» **What you have to do**
Would you transcribe exactly the lines from the beginning of the records below through the line with "과거 구릿값이 올라 10원짜리", both included, omitting the pictures?

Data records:
════════════════════
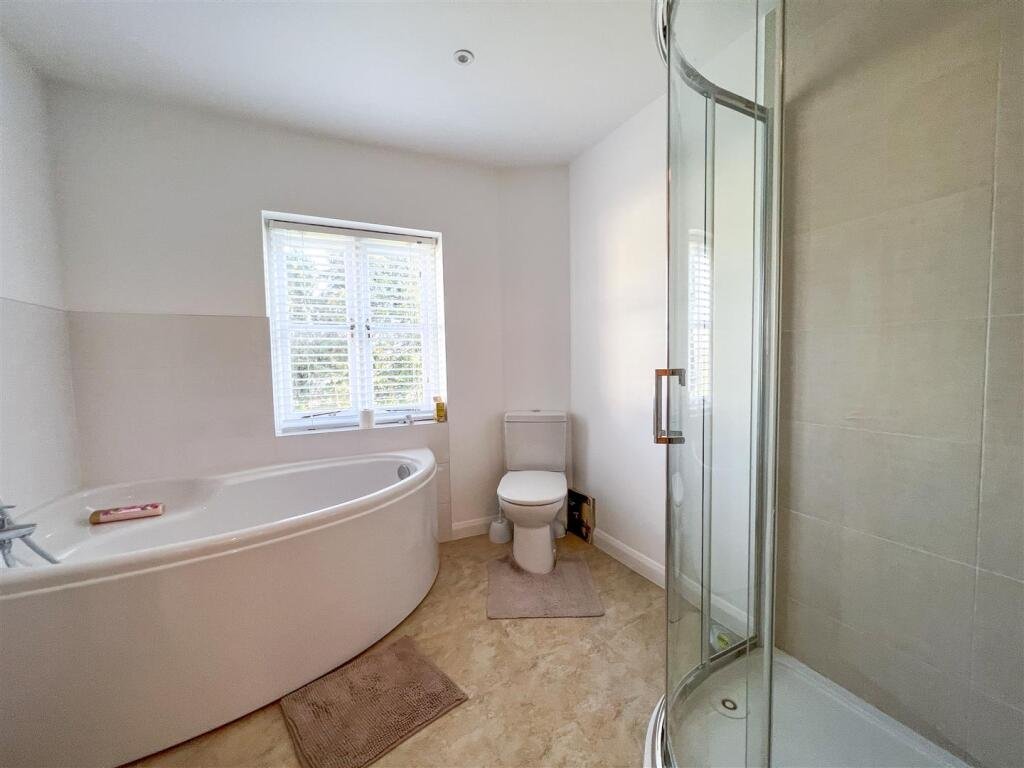 Family Bathroom – With WC, Basin in vanity unit with back lit mirror above, corner bath, separate shower cubicle and heated towel rail.
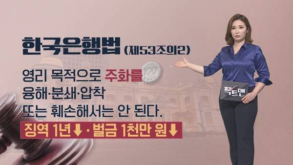 과거 구릿값이 올라 10원짜리 구형 동전을 녹여 파는 일이 발생하자 처벌 근거를 마련하려고 2011년 처벌 조항이 생긴 건데요.
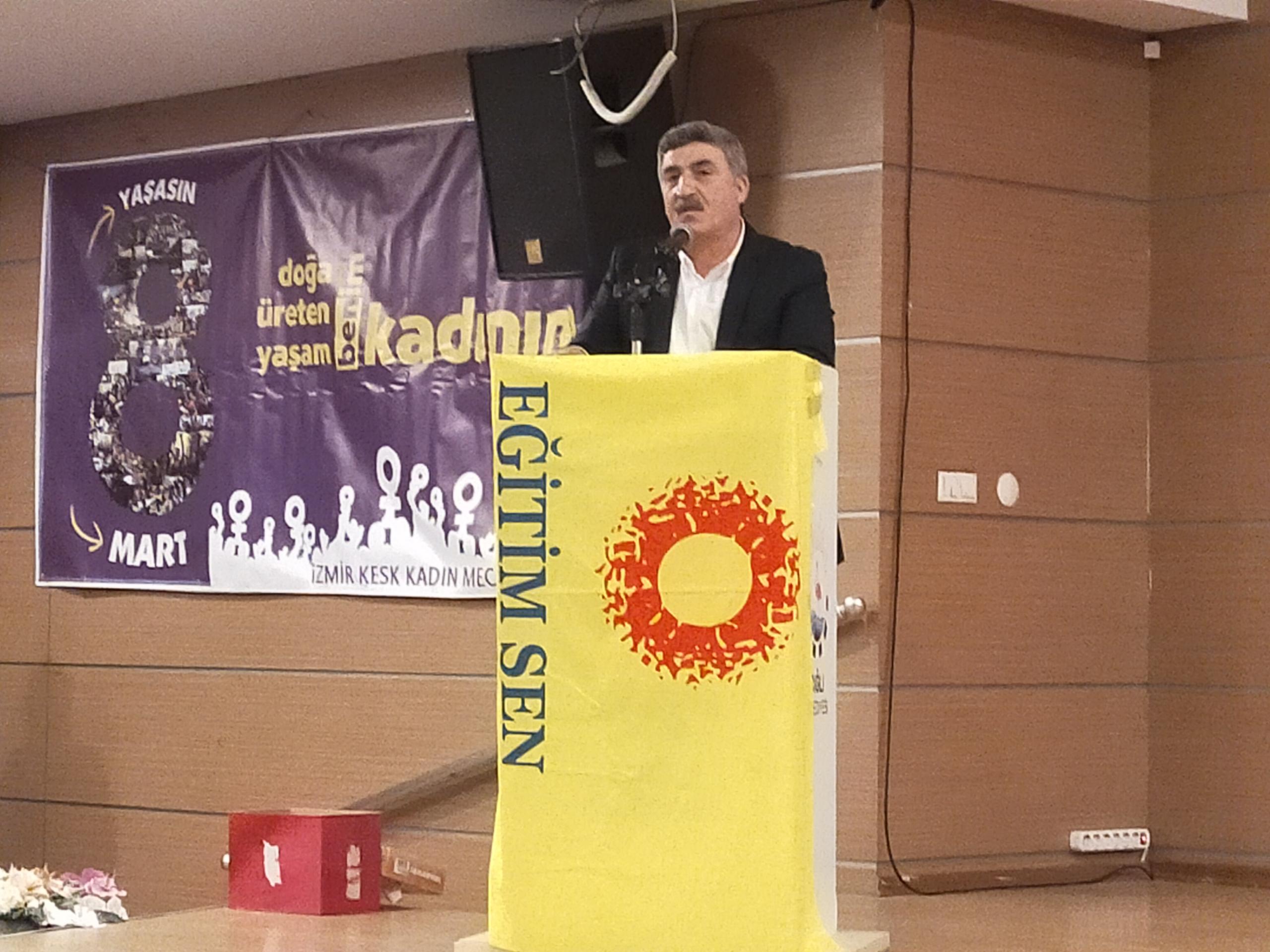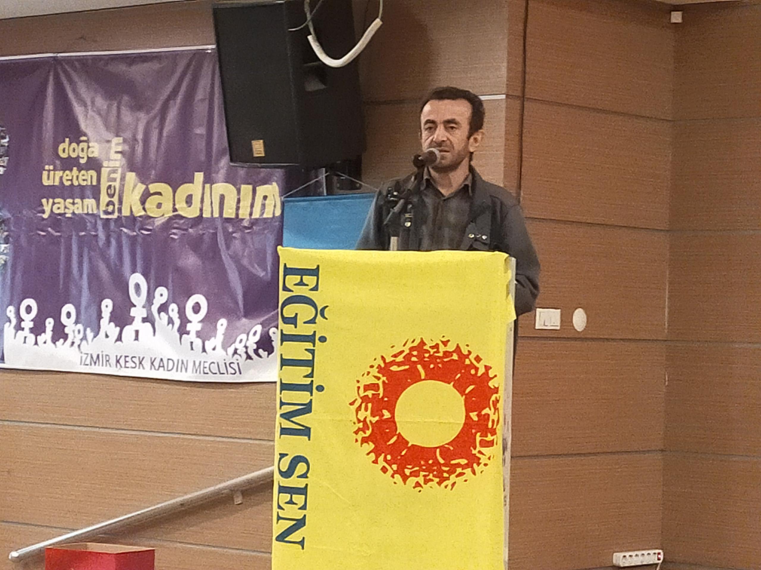 Eğitim-Sen İzmir 2 No’lu Şube Başkanı Hasan Ali Kılıç, son 30 yıllık mücadele deneyimi içerisinde 15 Temmuz darbe girişiminden sonra yaşadıkları baskılara dikkat çekti. Kılıç, “Örgütlülüğümüze yapılan saldırılar Cumhuriyet tarihinde eşi benzeri bulunmamış saldırılarla karşı karşıya kaldık” dedi.
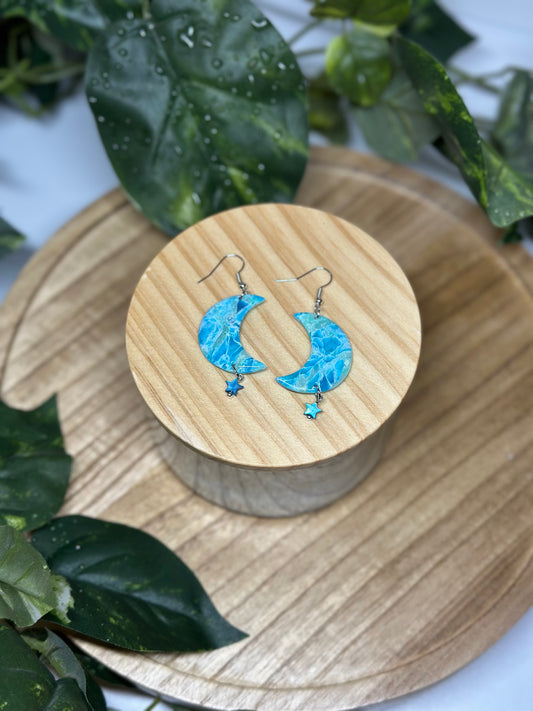 These lightweight earrings are made from polymer clay. If you aren't familiar with polymer clay, it is a non-toxic synthetic modeling clay made from a plastic polymer base, and once cured in the oven, produces a very durable finished product. The earrings are then sanded and smoothed, drilled, some have a thin layer of resin or varnish, and finished with hypoallergenic, stainless steel findings. Please keep in mind, though the product is durable, the earrings still need to be handled with care, especially the more delicate designs. Please avoid contact with perfumes & lotions, remove before showering/keep away from moisture, and if you are needing to clean your earrings, gently wipe them with a slightly damp (with water) non-abrasive cloth.
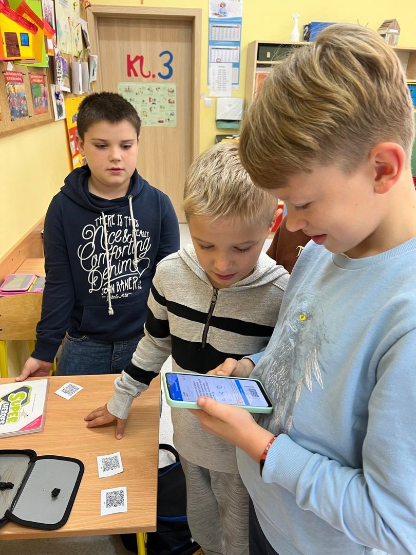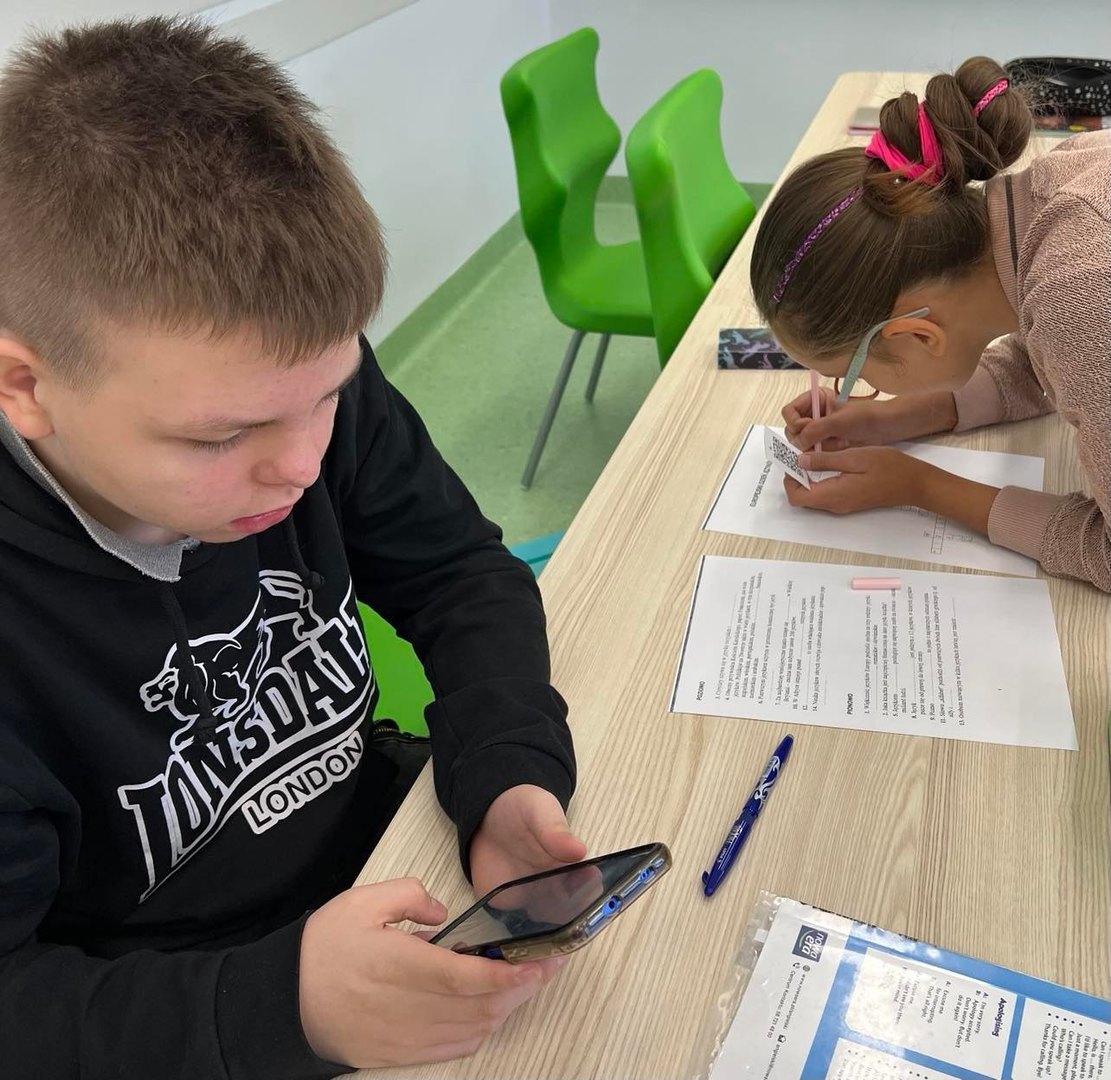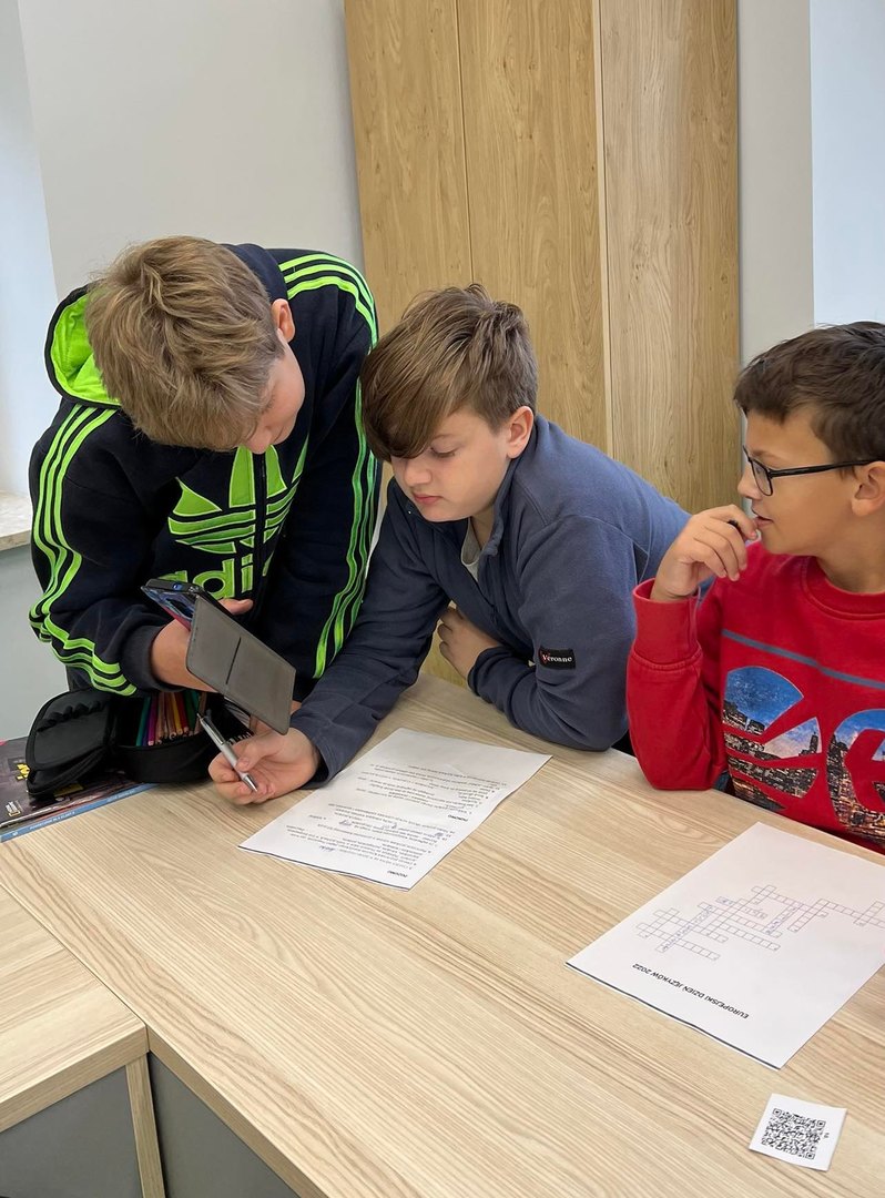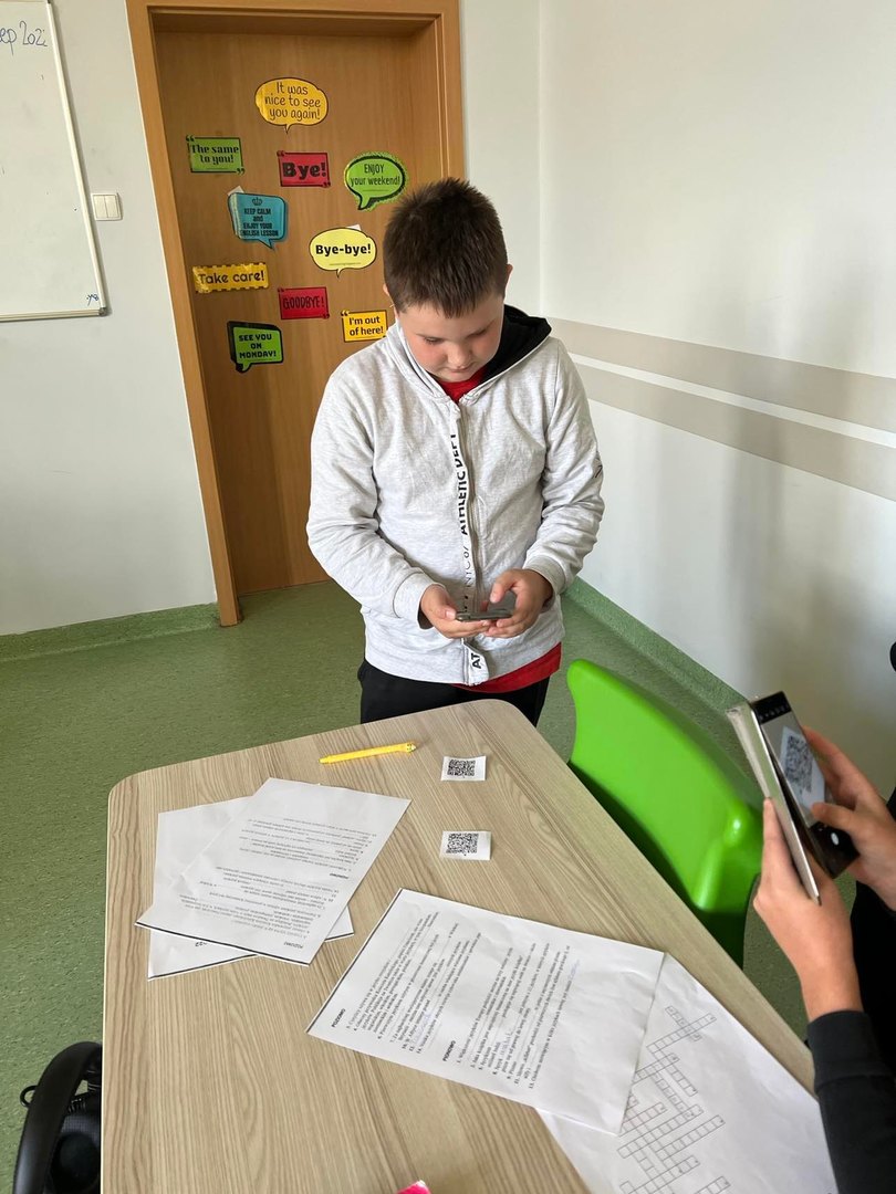 Kim jest poliglota? Którym językiem pisze się od prawej do lewej strony? Od jakich liter alfabetu greckiego pochodzi słowo alfabet? Odpowiedzi na te pytania i wiele innych dotyczących języków europejskich znajdowały się w kodach QR ukrytych w różnych zakamarkach sali językowej. Uczniowie klas 3-6 rewelacyjnie poradzili sobie z odczytaniem zeskanowanych kodów i rozwiązaniem krzyżówki. Odszukanie wszystkich informacji nie było łatwe ponieważ w klasie ukrytych było kilka takich samych kopii QR kodów. Mamy nadzieję, że uczniowie zapamiętali dużo ciekawostek dotyczących języków europejskich. Najszybsi uczniowie zostali nagrodzeni ocenami z języka angielskiego.
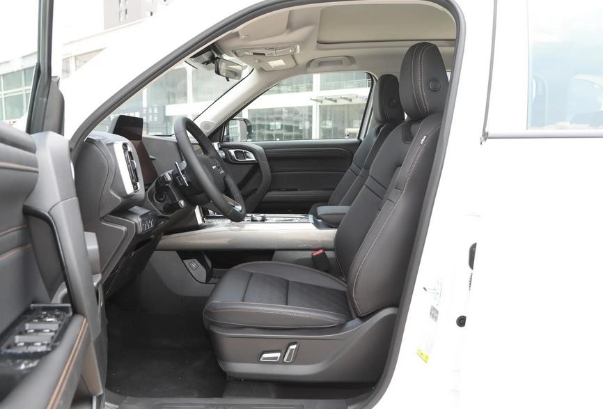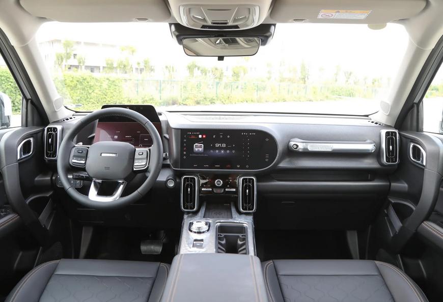 前臉復(fù)古圓形大燈搭配粗壯橫幅式進(jìn)氣格柵,視覺沖擊力十足,還透著一股復(fù)古韻味。車身側(cè)面的獨(dú)特標(biāo)識與實(shí)用的車頂行李架,不僅凸顯越野屬性,更為熱衷戶外出行的消費(fèi)者提供便利。車尾寬大厚實(shí),貫穿式尾燈從兩側(cè)向下延伸,有著較高的辨識度,底部隱藏式雙邊單出排氣布局,讓整車精致感倍增。然而,方正的車身導(dǎo)致風(fēng)阻系數(shù)偏高,高速行駛時(shí)油耗增加,風(fēng)噪較大,車速超一定速度時(shí),風(fēng)噪會干擾車內(nèi)交流。而且車身寬大,在停車位緊張或狹窄的停車場,停車難度加大,新手操作時(shí)需格外小心,以防刮蹭。
════════════════════
» **Response area**
 Family Bathroom – With WC, Basin in vanity unit with back lit mirror above, corner bath, separate shower cubicle and heated towel rail.
 과거 구릿값이 올라 10원짜리 구형 동전을 녹여 파는 일이 발생하자 처벌 근거를 마련하려고 2011년 처벌 조항이 생긴 건데요.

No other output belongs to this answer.